Cancers are one of the leading causes of disease-related fatalities worldwide. Prostate cancer, in specific, affects about 6 out of 10 men over the age of 65. In US male population, it is most common malignancy after skin cancer and the second leading cause of cancer-related deaths. This highlights the need for immediate and effective prevention and intervention strategies.
Lately, the formation of new blood vessels from pre-existing vessels, known as angiogenesis, has been the target for drug development for treating several cancer types. The process of angiogenesis is kickstarted when tumor tissue demands an increased supply of nutrients and oxygen. Thus, the idea is to stop/inhibit the development of these new vessels, in turn, starving the tumor and eventually leading to cancer cell death.

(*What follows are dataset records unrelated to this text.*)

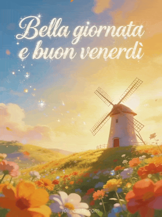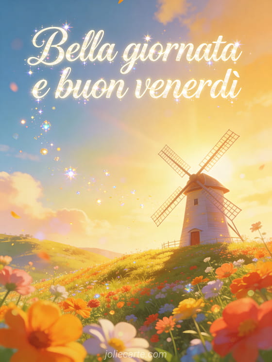 Condividi una bella immagine di buon venerdì con scritte avorio fluide, una collina soleggiata, un mulino classico e fiori luminosi con delicata luce scintillante. Scopri anche buon venerdì sole gif, immagine di buon venerdì con fiori o buon venerdì invernale gif.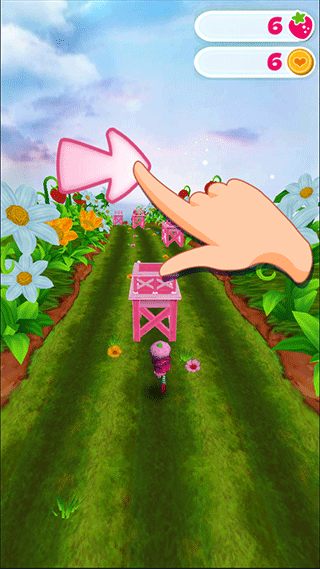 2、游戏中我们通过左右滑动屏幕来控制人物移动,上下滑动来控制她们跳跃和下滑,这是最早也是最常见的跑酷操作,相信玩家们都可以直接上手;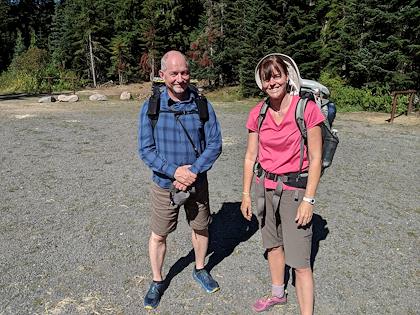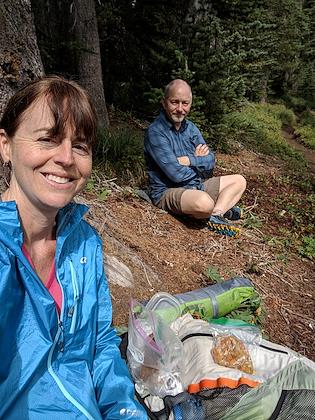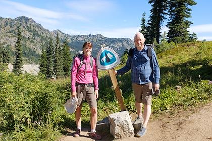 |  | |  | | "Trail angels" at Chinook pass - this couple drives up here frequently to give food to thru-hikers. They offered peaches and muffins, among other goodies. We didn't partake, since we weren't thru-hikers. | | Chinook pass and the end of the trail for us | | | | | | | | | | | |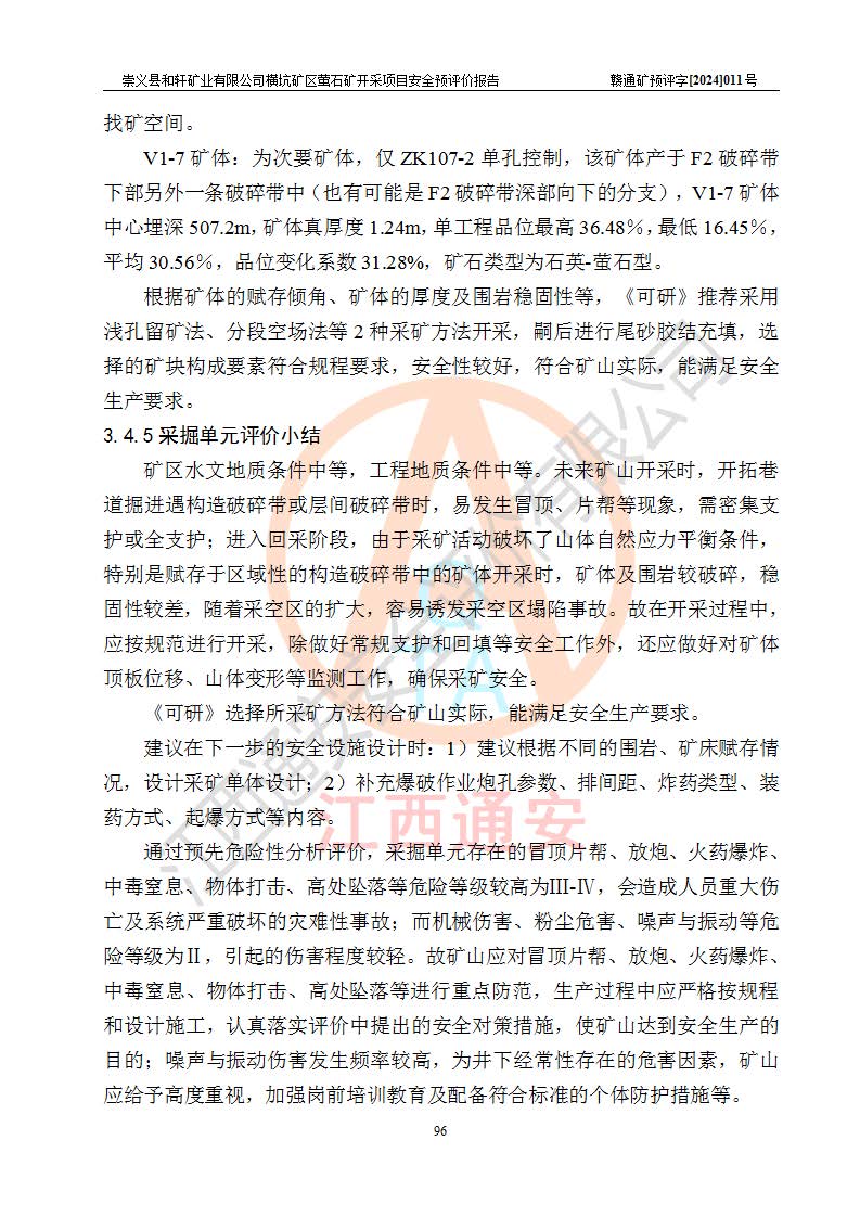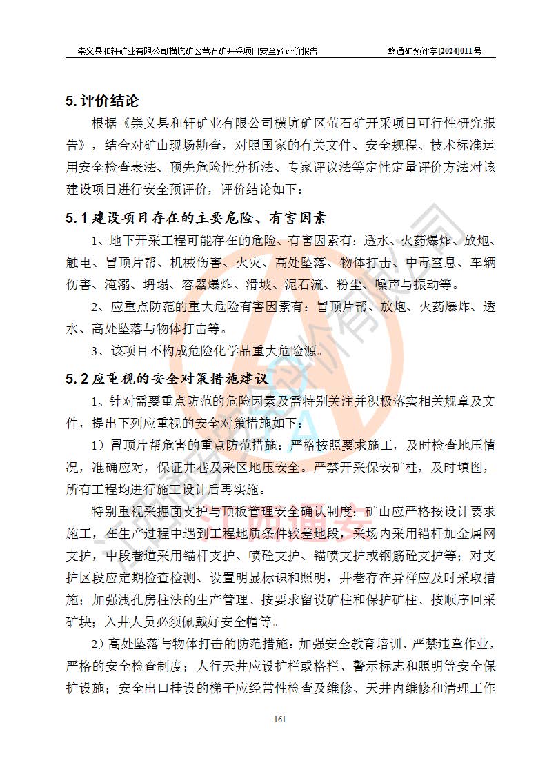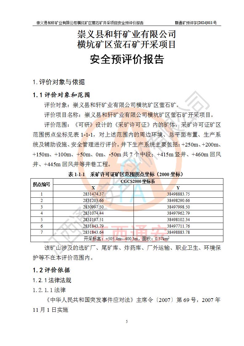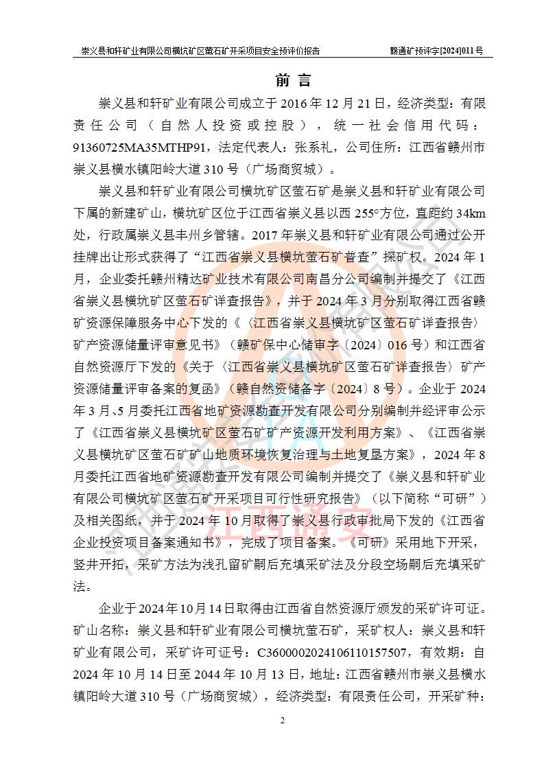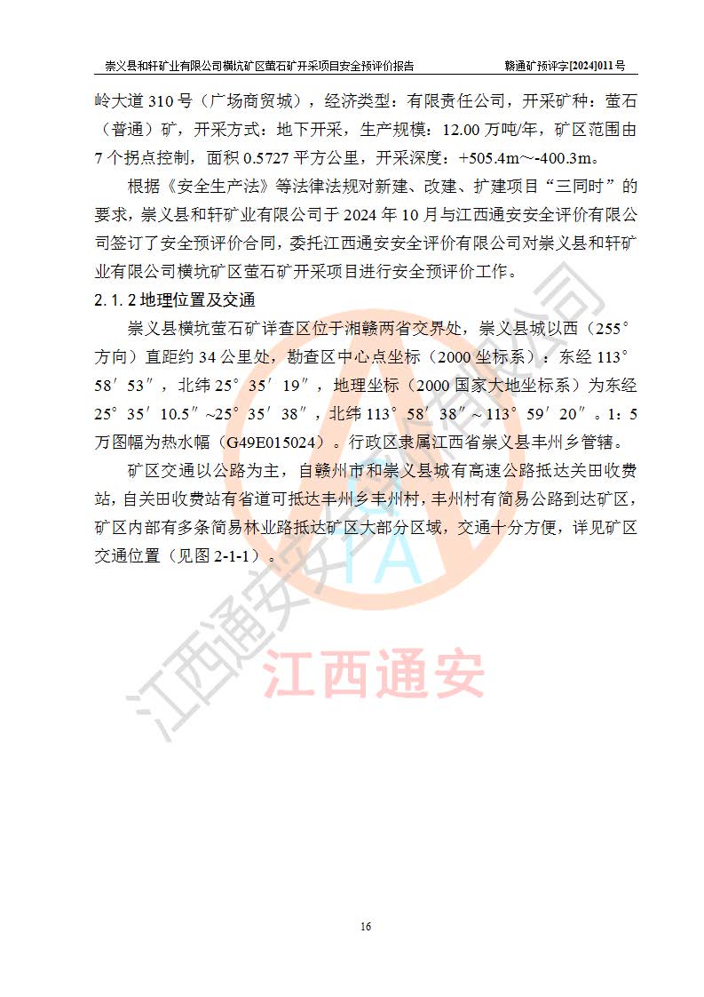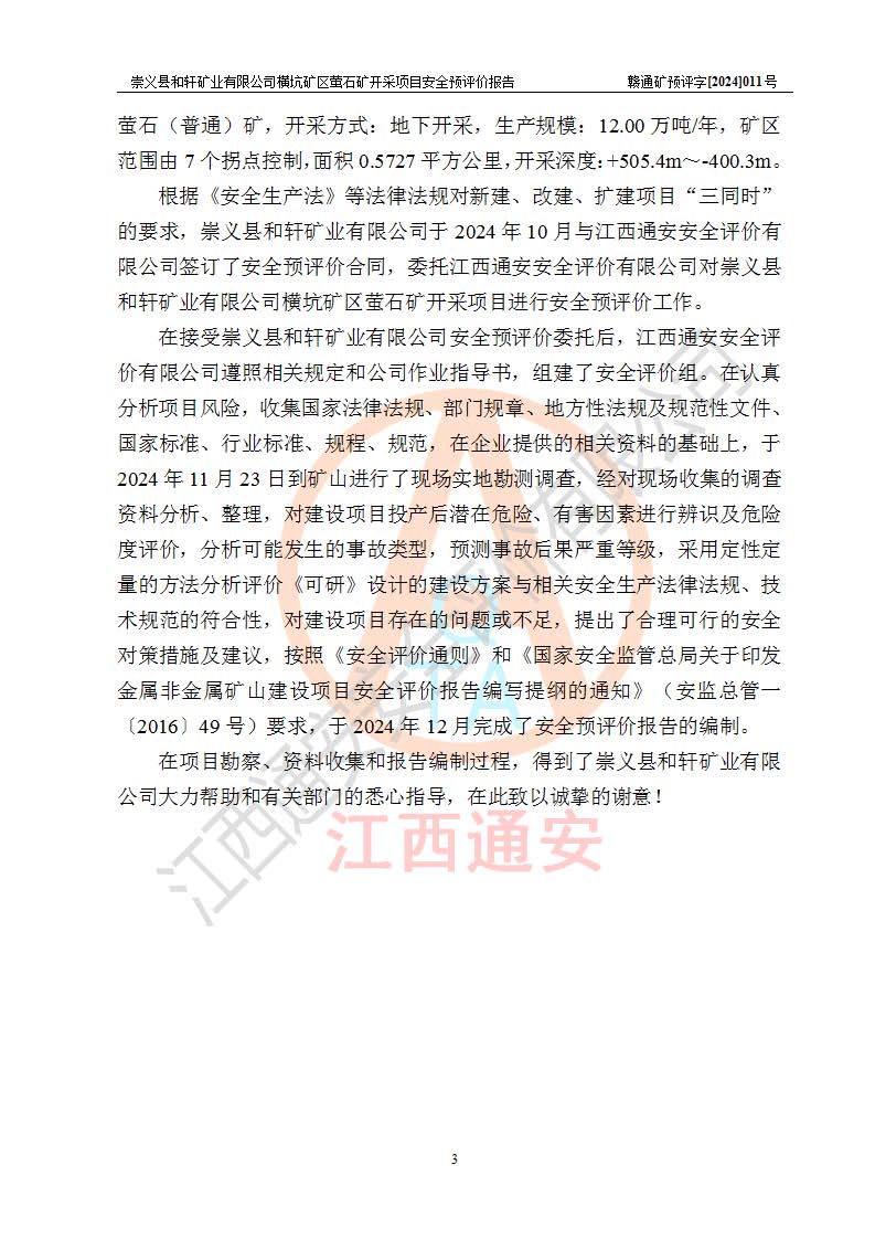 報告名稱 | 崇義縣和軒礦業(yè)有限公司橫坑礦區(qū)螢石礦開采項目安全預評價報告 | |||||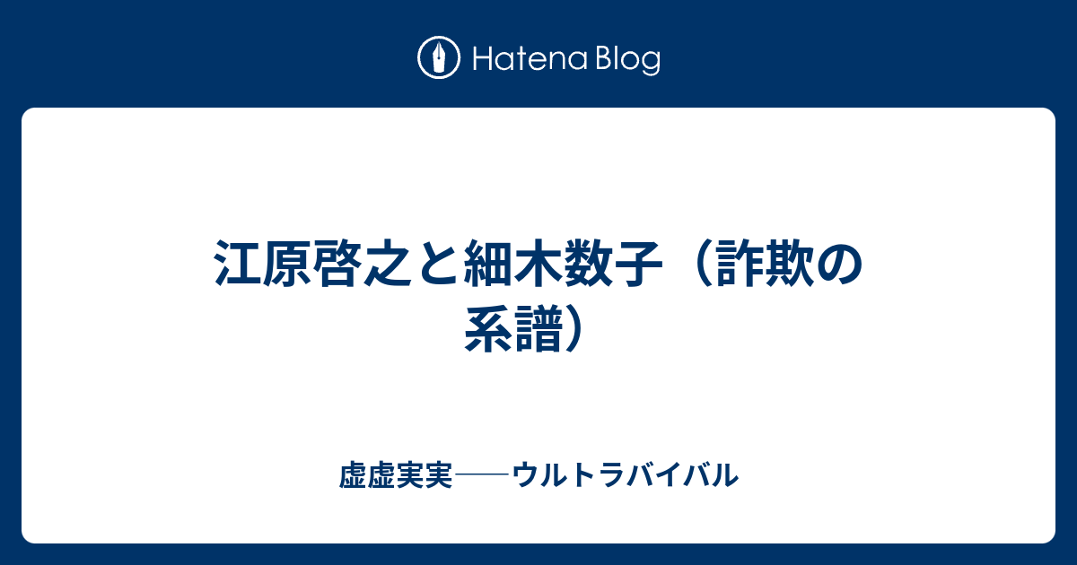 江原啓之と細木数子 詐欺の系譜 虚虚実実 ウルトラバイバル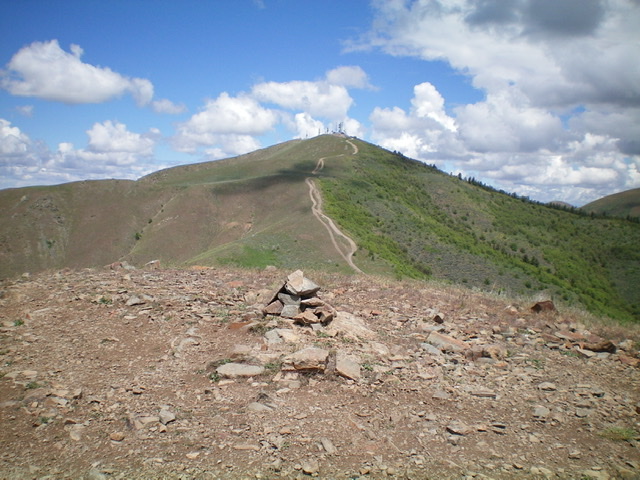 The bare summit offers outstanding views of Pocatello and Chinese Peak. The summit had no cairn so I built a nice one atop the ground boulder that is the high point. All of the trail junctions are clearly marked and they are all ATV trails and can be a bit muddy. Please note that the USGS map shows all of the ATV trails except for the final ATV trail that leads to the summit. For whatever reason, the USGS map is missing that critical one. Round trip stats: 4.5 miles with 1,625 feet of elevation gain.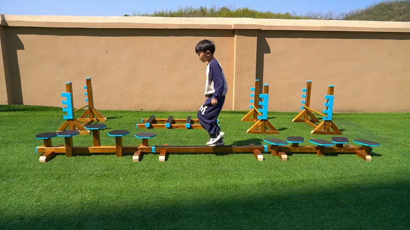This modular system allows children to navigate various challenges, including stepping stones, hurdles, and balance bridges. It is scientifically designed to support:- Gross Motor Skills: Encourages active movement and physical strength.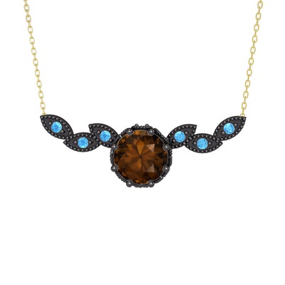 Dumanlı kuvars ve akuamarin 925 ayar siyah rodyum kaplama gümüş kolye (40 cm gümüş rolo zincir)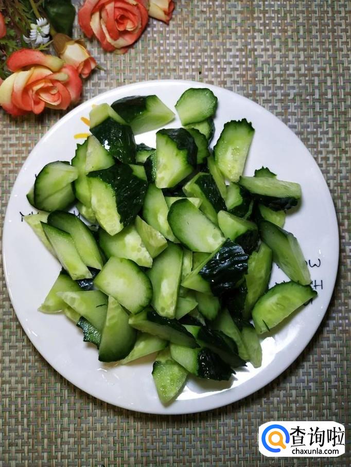 准备一根黄瓜,用清水洗净后,切成滚刀块儿,放入盘中备用。注意,黄瓜皮不用去掉,黄瓜皮中也含有丰富的维生素,清洗的时候可以在水中加少许食盐,这样可以去掉农药残留。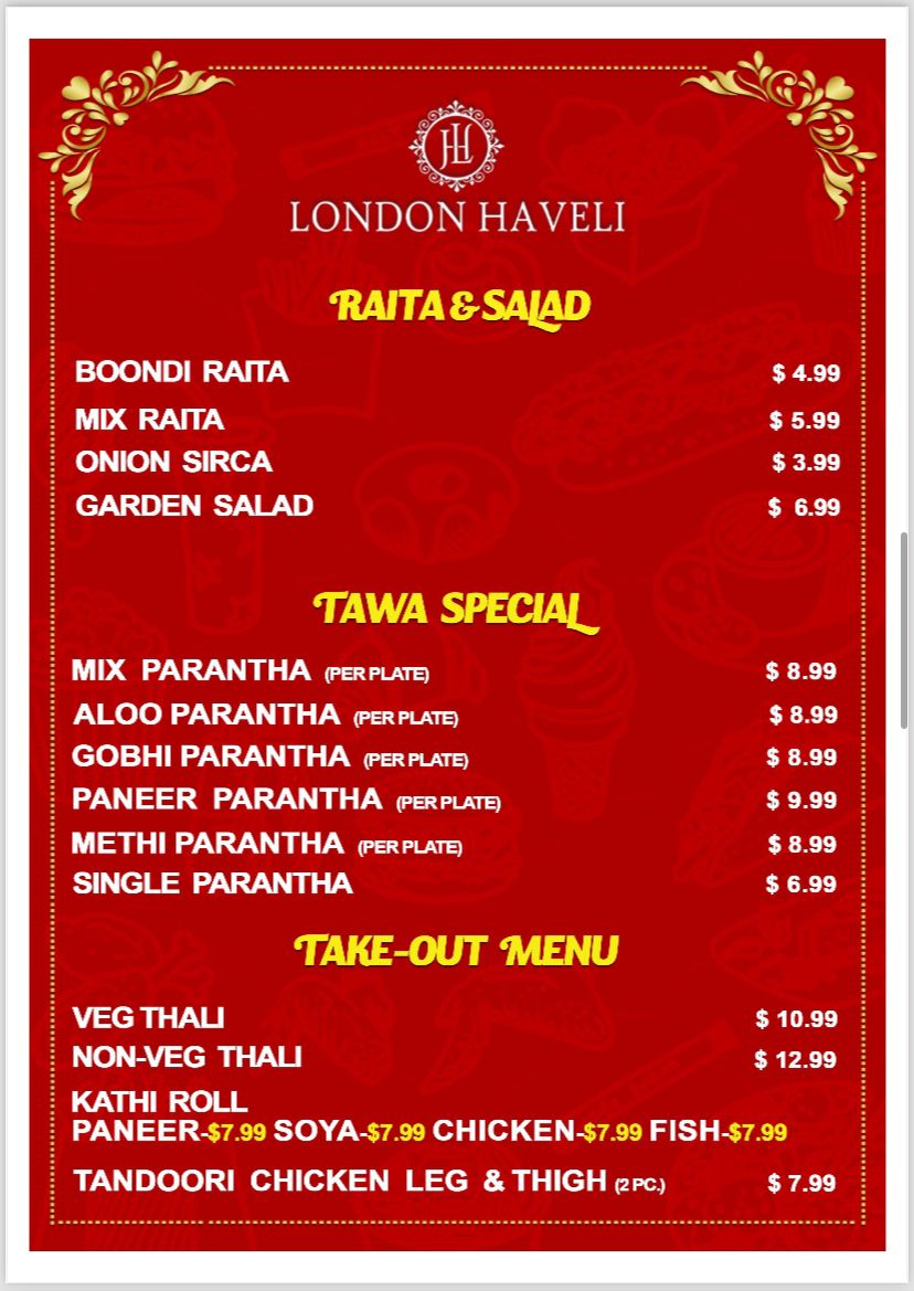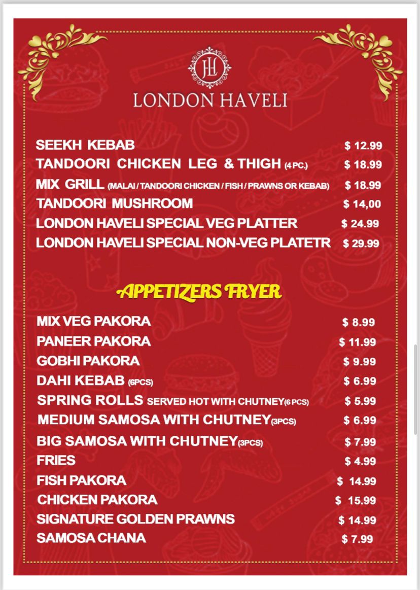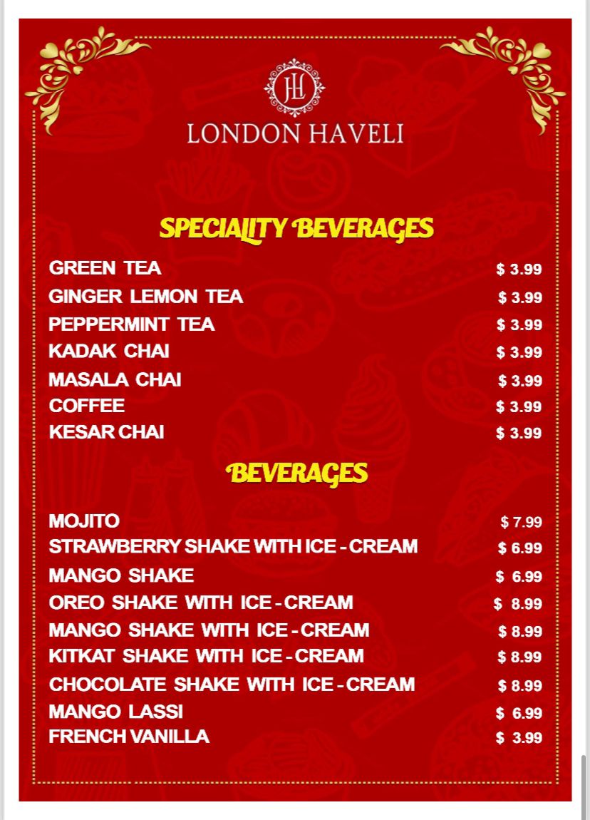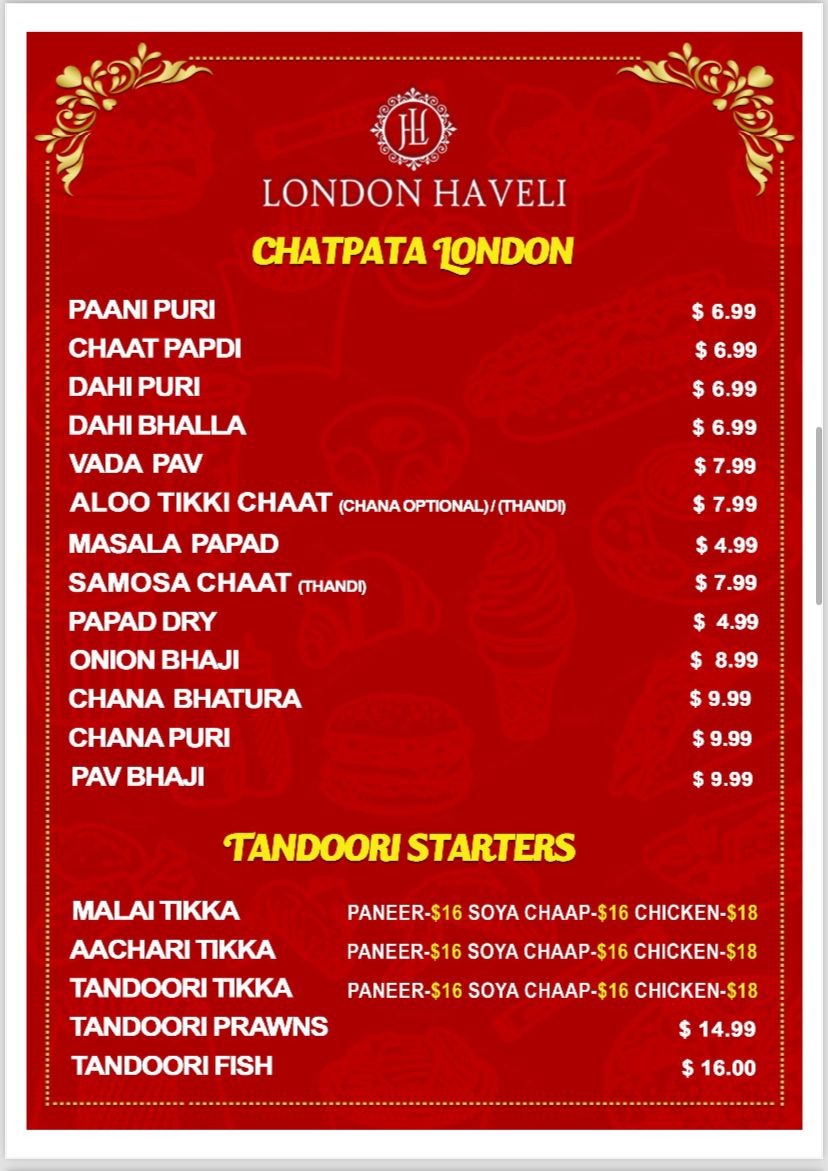 Welcome to London Haveli, where we invite you to embark on a culinary journey through the vibrant and rich flavors of Indian cuisine! Nestled at 795 Wonderland Rd S C2, London, ON, our menu is a celebration of bold spices and fresh ingredients, featuring a delightful array of specialties that will tantalize your taste buds. Don't miss our luscious Paneer Butter Masala paired with the warmth of Delhi Style Butter Naan, or indulge in the succulent Tandoori Chicken Leg & Thigh for a truly authentic experience. For those craving something crispy, our Chicken Pakora and Dahi Tikki are irresistible starters, while the Goat Curry and Lamb Biryani promise to transport you straight to the heart of India. To top off your meal, treat yourself to our Hot Sizzlers Brownies with Ice Cream or sip on a refreshing Pineapple Mojito. Whether you're sharing plates of Paani Puri with friends or enjoying a Kit Kat Shake with Ice Cream, every bite at London Haveli is an invitation to savor the extraordinary. Come and experience our captivating London Haveli Menu today!

Typically, angiogenesis involves receptor-ligand interactions/signaling pathways from three different families of receptors for the activation of the angiogenic pathway, similar to a lock and key mechanism, or three different doors leading to the same room. Conventional cancer therapeutic agents have failed to show increased efficacy against prostate cancer. The reason is thought to be their ability to target and inhibit just one specific pathway, leaving room for cancer to progress via alternate routes.
Positive results have been observed in combination treatments, where multiple drugs when used together, target and inhibit all the available channels (all three classes of angiogenic receptors) for cancer to progress.
This is where the idea to test the efficacy of Nintedanib in prostate cancer struck. Nintedanib has already been tested for its anti-angiogenic potential in several cancer types; this agent is reported to target all three classes of angiogenic receptors: VEGF, PDGFR, and FGFR. This led Rachel (full name Ms. Raquel Frenedoso da Silva) to assess the anticancer efficacy of Nintedanib against prostate cancer by targeting the angiogenic pathway. Through the course of her research, she also found the effect of this agent on other pathways critical in driving prostate cancer growth and progression. Rachel worked in Raj Agarwal's laboratory at the University of Colorado Skaggs School of Pharmacy and Pharmaceutical Sciences, for ten months under the doctorate program at the State University of Campinas (UNICAMP), São Paulo, Brazil, supported by a scholarship from São Paulo Research Foundation.